Advent Blue 2: Longing for Comfort December 6, 2014

chinese_shepherd_takes_sheep_to_pastureHearts are breaking all over the world! I see them on the newscast daily, and hear them as I listen to conversations. My own heart breaks for parents, for children, for those who have been given many chances and choose to ignore them, and for those who have been given no chance at all. I grieve for those who have somehow found themselves in harm’s way through no act of their own doing. And I grieve for those who have been suddenly plunged into deep fear and darkness, or who in their lives have only known, in the words of Zora Neale Hurston,  “sorrow’s kitchen.” Too many of my friends are in one of these places. It is easy to want to sing the Advent Blues. How welcome then are these prophetic words from Isaiah in this second week of the season:

Comfort, O comfort my people, says your God. Speak tenderly to Jerusalem that she has served her term, that her penalty is paid, that she has received from the Lord double for all her sins. (Isa. 10:1)

We experience these word in the half-light of Advent where it sometimes seems as if there will never be any comfort to be had. Yet the prophet declared those words to be hope for a people displaced, in exile, far away from the familiar city they loved, the people they knew, the faith practices that had begun in their history together, and people who were as sad and angry as so many are in our world today. In older translations of Christian scripture, Paul characterizes the Holy One as the God of All Comforts (2 Corinthians 1:2), and Isaiah concludes his declaration to the bereft and exiled ones with a description  of that Holy One as a shepherd:

He will feed his flock like a shepherd; he will gather the lambs in his arms, and carry them in his bosom, and gently lead the mother sheep. (Isa. 40:11).

As I dwell in the blue glow of Advent, I suspect that my call is to be a harbinger and presence of the comfort of the Shepherd to those whose hearts have been broken, are breaking still.
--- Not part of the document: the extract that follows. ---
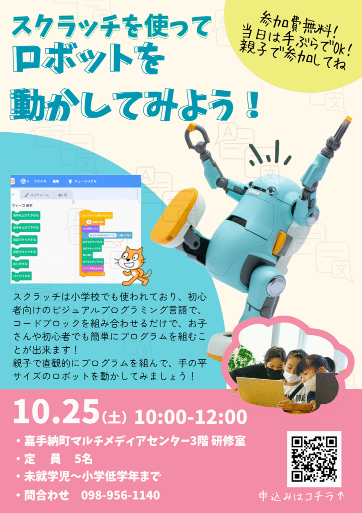 スクラッチを使って手の平サイズのロボットを動かすプログラミング講座を開催します!!
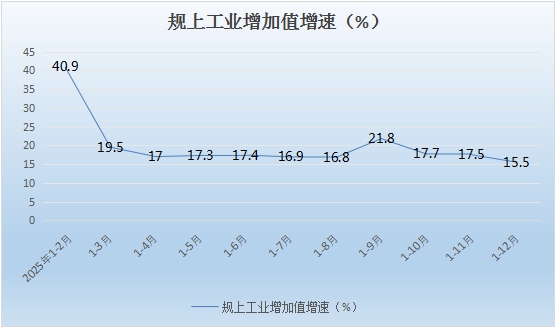 一、工业发展动能充沛,制造业扛起压舱石重任。1-12月,面对高基数承压局面,工业经济稳步前行,达成平稳较快增长目标,规模工业增加值同比增长15.5%,较全市平均水平快7.6个百分点。制造业扛起经济压舱石重任,引领发展的标杆作用愈发显著,全县制造业占工业增加值总量比重达72.21%,制造业增加值同比增长10.2%,对全县经济增长的贡献率为37.8%,拉动经济增长2.4个百分点。重点行业提质增效、表现突出,新动能加速集聚迸发,其中有色金属矿采选业与有色金属冶炼和压延加工业成为核心增长极,两者增加值分别同比增长64.06%,40.59%,持续为工业经济增长提供强劲支撑。

Those that mourn need remembrance and an ear. Those that suffer will long for attentiveness and patience. Those that are outraged by injustice, those that are weary in well-doing, those that live on the margins of neglect and well being, all invite me to bring  them a comfort of gentle gathering and carrying and leading while we wait for the dawning of Christ’s coming. And I don’t have to go far to find them: the people down the block, the friend who asks for prayer on Facebook, the seasonal worker trying to make some money in an overcrowded department store on Black Friday, need to have the intimation of God’s comfort that I can bring.

I pray this Advent week in the words of Toyohiko Kagawa, Gentle Shepherd, Let every word that I speak to every one that I meet be filled with tenderness.